Exercise data
★ ★ ★ ★
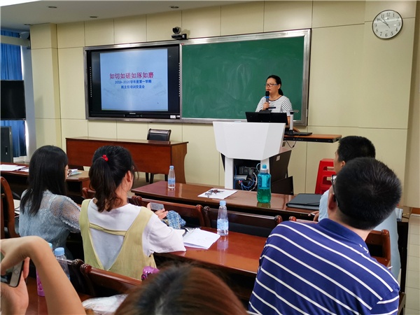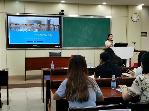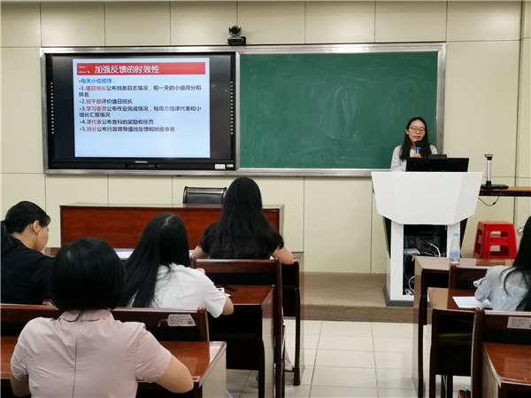 在19位新班主任自我介紹后,培訓會正式開始。首先進行經(jīng)驗分享的是陳萍老師,她以“班級建設之道——精細化管理”為主題,向與會的老師們展示了自己的高效班級管理方法。陳萍老師以“分解、細化、落實”為管理班級的具體思路,把班級的管理劃分為學習、紀律、衛(wèi)生、常規(guī)四部分,通過班級內成立的學習部、紀檢部、統(tǒng)計部、宣傳部、文體部、衛(wèi)生部、人事部進行學生自治。陳萍老師在三年的不懈努力和積極探尋下,不斷培訓學生的自主學習、自主管理、自主評價能力,在初三學年成為了一名輕松、高效的班主任,所帶班級各項成績名列前茅。
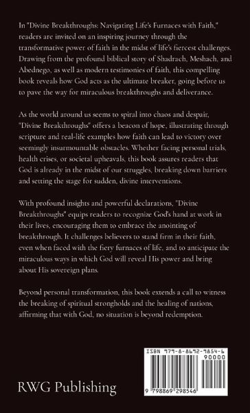 In "Divine Breakthroughs: Navigating Life's Furnaces with Faith," readers are invited on an inspiring journey through the transformative power of faith in the midst of life's fiercest challenges. Drawing from the profound biblical story of Shadrach, Meshach, and Abednego, as well as modern testimonies of faith, this compelling book reveals how God acts as the ultimate breaker, going before us to pave the way for miraculous breakthroughs and deliverance. As the world around us seems to spiral into chaos and despair, "Divine Breakthroughs" offers a beacon of hope, illustrating through scripture and real-life examples how faith can lead to victory over seemingly insurmountable obstacles. Whether facing personal trials, health crises, or societal upheavals, this book assures readers that God is already in the midst of our struggles, breaking down barriers and setting the stage for sudden, divine interventions. With profound insights and powerful declarations, "Divine Breakthroughs" equips readers to recognize God's hand at work in their lives, encouraging them to embrace the anointing of breakthrough. It challenges believers to stand firm in their faith, even when faced with the fiery furnaces of life, and to anticipate the miraculous ways in which God will reveal His power and bring about His sovereign plans. Beyond personal transformation, this book extends a call to witness the breaking of spiritual strongholds and the healing of nations, affirming that with God, no situation is beyond redemption. "Divine Breakthroughs: Navigating Life's Furnaces with Faith" is not just a book-it's a declaration of victory, an anthem of hope for anyone longing to experience the overwhelming power of God in their lives and in the world.
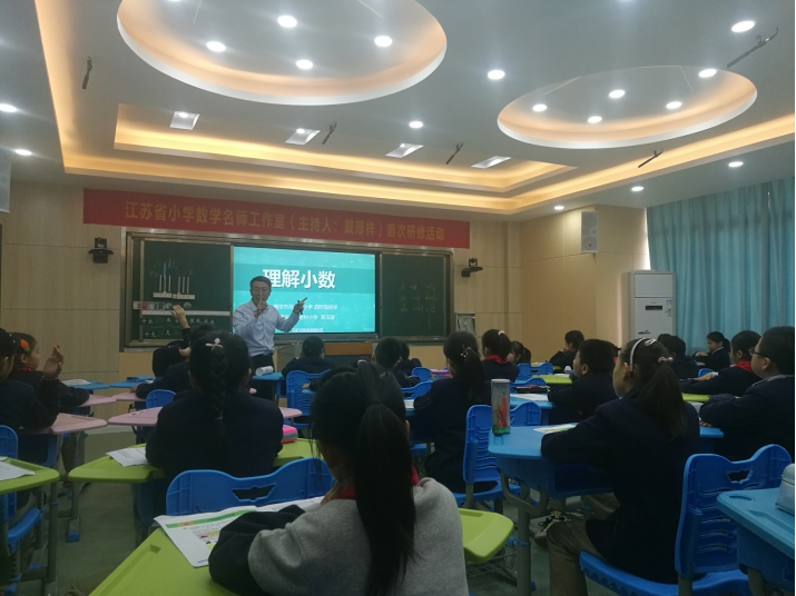 为有效达成工作室的研修目标,促进工作室成员教学水平的提高,2019年10月18日,在伟德可信任网站举办了“江苏省小学数学名师工作室(主持人:戴厚祥)首次研修活动,且邀请了南京市五老村小学的吴玉国特级教师,本次活动以五年级课堂教学为载体,在一节课的观课议课中拉开帷幕。
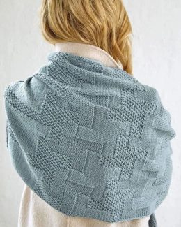 Контраст нежного кремового пальто и голубого вязаного шарфа создает впечатление легкости и тепла. Шарф украшен сложным геометрическим узором, добавляющим глубину и текстуру, а его мягкость дарит ощущение комфорта в прохладные дни.
★ ★ ★ ★
Work task
For this exercise, retype the data above exactly and skip every image.

Result of the task
 在19位新班主任自我介紹后,培訓會正式開始。首先進行經(jīng)驗分享的是陳萍老師,她以“班級建設之道——精細化管理”為主題,向與會的老師們展示了自己的高效班級管理方法。陳萍老師以“分解、細化、落實”為管理班級的具體思路,把班級的管理劃分為學習、紀律、衛(wèi)生、常規(guī)四部分,通過班級內成立的學習部、紀檢部、統(tǒng)計部、宣傳部、文體部、衛(wèi)生部、人事部進行學生自治。陳萍老師在三年的不懈努力和積極探尋下,不斷培訓學生的自主學習、自主管理、自主評價能力,在初三學年成為了一名輕松、高效的班主任,所帶班級各項成績名列前茅。
 In "Divine Breakthroughs: Navigating Life's Furnaces with Faith," readers are invited on an inspiring journey through the transformative power of faith in the midst of life's fiercest challenges. Drawing from the profound biblical story of Shadrach, Meshach, and Abednego, as well as modern testimonies of faith, this compelling book reveals how God acts as the ultimate breaker, going before us to pave the way for miraculous breakthroughs and deliverance. As the world around us seems to spiral into chaos and despair, "Divine Breakthroughs" offers a beacon of hope, illustrating through scripture and real-life examples how faith can lead to victory over seemingly insurmountable obstacles. Whether facing personal trials, health crises, or societal upheavals, this book assures readers that God is already in the midst of our struggles, breaking down barriers and setting the stage for sudden, divine interventions. With profound insights and powerful declarations, "Divine Breakthroughs" equips readers to recognize God's hand at work in their lives, encouraging them to embrace the anointing of breakthrough. It challenges believers to stand firm in their faith, even when faced with the fiery furnaces of life, and to anticipate the miraculous ways in which God will reveal His power and bring about His sovereign plans. Beyond personal transformation, this book extends a call to witness the breaking of spiritual strongholds and the healing of nations, affirming that with God, no situation is beyond redemption. "Divine Breakthroughs: Navigating Life's Furnaces with Faith" is not just a book-it's a declaration of victory, an anthem of hope for anyone longing to experience the overwhelming power of God in their lives and in the world.
 为有效达成工作室的研修目标,促进工作室成员教学水平的提高,2019年10月18日,在伟德可信任网站举办了“江苏省小学数学名师工作室(主持人:戴厚祥)首次研修活动,且邀请了南京市五老村小学的吴玉国特级教师,本次活动以五年级课堂教学为载体,在一节课的观课议课中拉开帷幕。
 Контраст нежного кремового пальто и голубого вязаного шарфа создает впечатление легкости и тепла. Шарф украшен сложным геометрическим узором, добавляющим глубину и текстуру, а его мягкость дарит ощущение комфорта в прохладные дни.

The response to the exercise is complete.